Integrierte Produktionsplanung und -steuerung von kundenindividuellen und standardisierten Produkten in flexiblen Produktionssystemen

Ausgangssituation
Kontinuierlich steigende Kundenansprüche und ein wachsender internationaler Wettbewerb erfordern einen stetigen Ausbau des Leistungsangebotes produzierender Unternehmen. Mittels immer kürzer werdenden Produkt- und Innovationszyklen streben Unternehmen eine nahezu vollständige Erfüllung der Kundenwünsche und Differenzierung vom Wettbewerb an. Dadurch ergab sich in den letzten Jahren ein starker Anstieg der Variantenvielfalt, die von vordefinierten Varianten über Produktkonfiguratoren bis hin zu kundeninnovierten Produkten reicht.

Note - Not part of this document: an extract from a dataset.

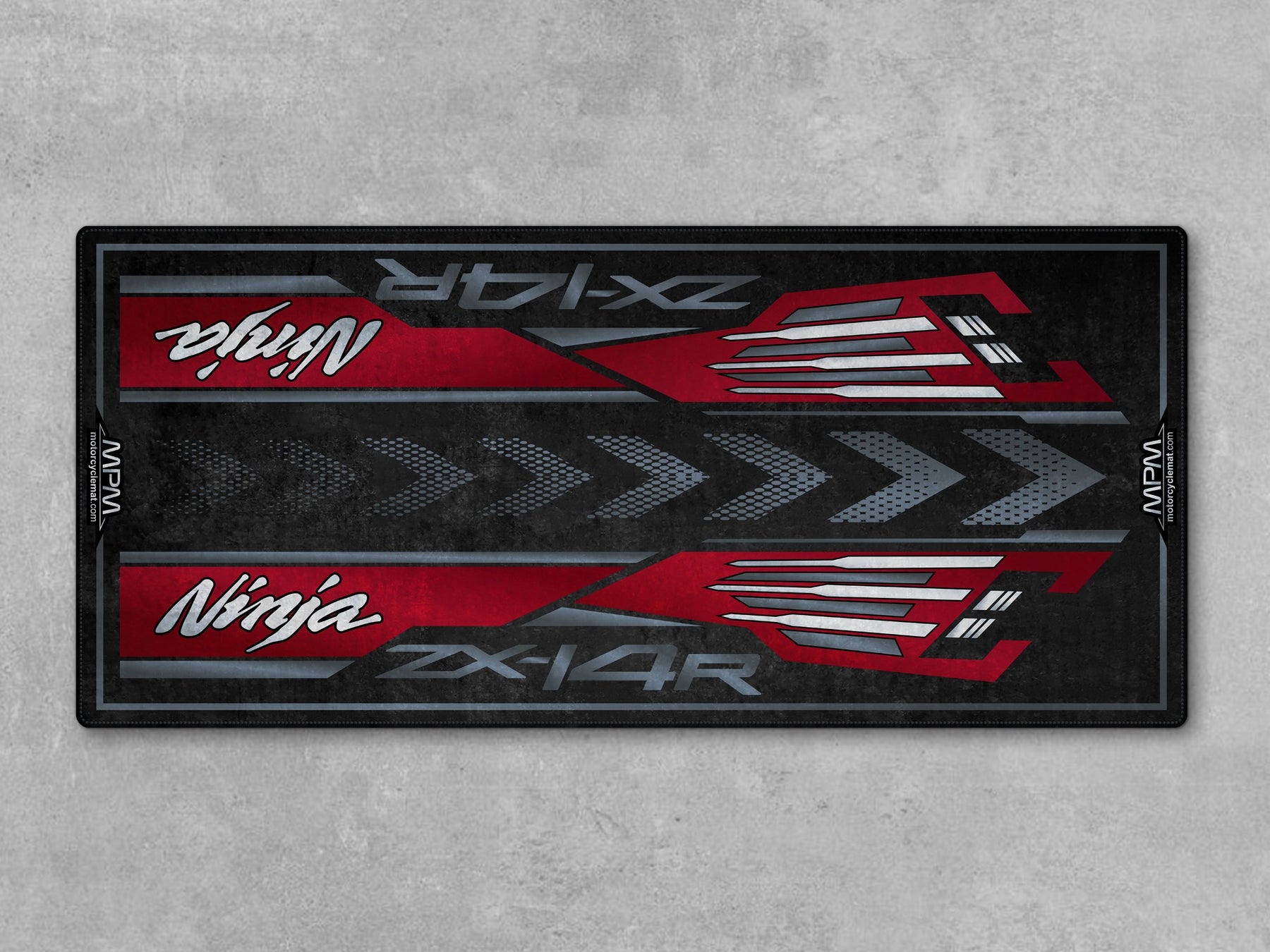 Kawasaki ZX-14R kişiselleştirilmiş pit halısı, motorcu hediye ve sürüş ekipmanları için şık paspas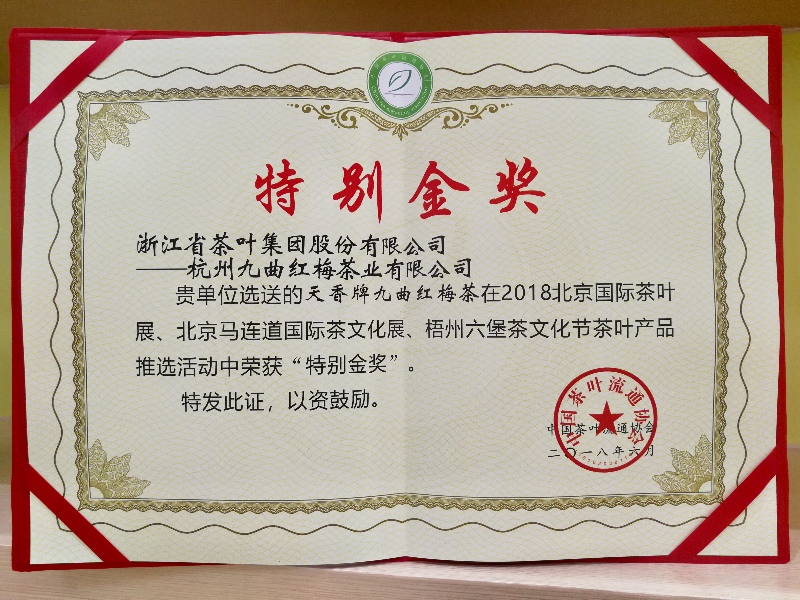 会上,中国茶叶流通协会原副会长孙丹威代表专家组宣布了2018“两展一节”茶叶产品推选的最终结果。3044永利集团集团旗下两大杭茶双双获奖——“天香”牌九曲红梅荣获特别金奖,“狮峰”牌西湖龙井荣获金奖。

InnoCyFer – das Toolkit zur kundenindividuellen Produktion
Im Forschungsprojekt InnoCyFer (Integrierte Gestaltung und Herstellung kundeninnovierter Produkte in cyber-physischen Fertigungssystemen) wurde das Ziel verfolgt, die integrierte Gestaltung und Herstellung kundeninnovierter Produkte zu ermöglichen. Um die differenzierten Wünsche, Bedürfnisse und Anforderungen der Kunden bestmöglich erfassen und umzusetzen, gilt es den Kunden umfassend in den Prozess der Produktentwicklung und -herstellung zu integrieren. Durch die direkte Kommunikation des Kunden mit dem Unternehmen über Web-2.0-Plattformen wird dieser in die Lage versetzt, mit umfangreicher Gestaltungsfreiheit in den Prozess der Produktentwicklung einzugreifen. Dadurch können Wünsche und Ideen des Kunden bereits in die Entwicklung des individuellen Produkts integriert werden, wie in Abbildung 1 dargestellt. Gelingt es, die mit Intelligenz und Kommunikationsfähigkeit ausgestattete Produktion mit einer Plattform zur kundenindividuellen Gestaltung von Endprodukten zu koppeln und somit eine Fertigung ohne Medienbrüche zu ermöglichen, ergibt sich ein Technologievorsprung, der die Wettbewerbsfähigkeit deutscher Unternehmen nachhaltig festigt. Zusammenfassend ergeben sich für die Herstellung hoch individualisierter Produkte insbesondere für die Produktionsplanung und –steuerung (PPS) neue Herausforderungen, die durch geeignete Methoden beherrschbar gemacht werden müssen.

 

Transfer von Forschungsergebnissen in die Industrie
Um einen weitreichenden Transfer von Forschungsergebnissen aus dem Forschungsprojekt InnoCyFer zu demonstrieren, wurde im Rahmen eines Transferprojektes die Konzeption einer flexiblen Fertigungslinie mit der angrenzenden Logistik in Zusammenarbeit mit der BSH Hausgeräte GmbH vorgenommen. Beispielhaft wurde hierzu die Fertigung einer Küchenmaschine am BSH Standort Nazarje, Slowenien für den Transfer ausgewählt. Der Fokus bei diesem Vorhaben lag auf der PPS eines flexiblen Produktionssystems zur Abarbeitung von Fertigungsaufträgen, unabhängig von der gegebenen Losgröße. Kundenindividuelle Einzelaufträge sollen auf derselben Produktionslinie zu vergleichbaren Herstellkosten wie das Standardprodukt produziert werden können.
Im ersten Schritt wurden relevante Betriebsdaten der bestehenden Produktionslinie aufgenommen und ein Simulationsmodell entwickelt. Mittels des Modells konnten verschiedene PPS-strategien getestet werden ohne die laufende Produktion zu beinträchtigen. Die Analyse zeigte, dass bei gegebenem Takt und geforderter Output Menge eine physische Änderung des bestehenden Fertigungssystems zwingend notwendig wurde. Für die komplexe Problemstellung wurde die Methode des morphologischen Kastens angewandt. Daraus wurden unterschiedliche Konzepte für Montagelinien entwickelt, die eine gemeinsame Produktion von kundenindividuellen und standardisierten Produkten ermöglichen. Um den Lösungsraum einzugrenzen wurde eine Entscheidungsmatrix mit sieben zu bewertenden Kriterien aufgestellt, welche in Abbildung 2 gezeigt wird. Mittels der Methode des paarweisen Vergleichs wurden die definierten Kriterien durch Fachexperten aus Produktion, Qualitätsmanagement, Logistik und IT gewichtet.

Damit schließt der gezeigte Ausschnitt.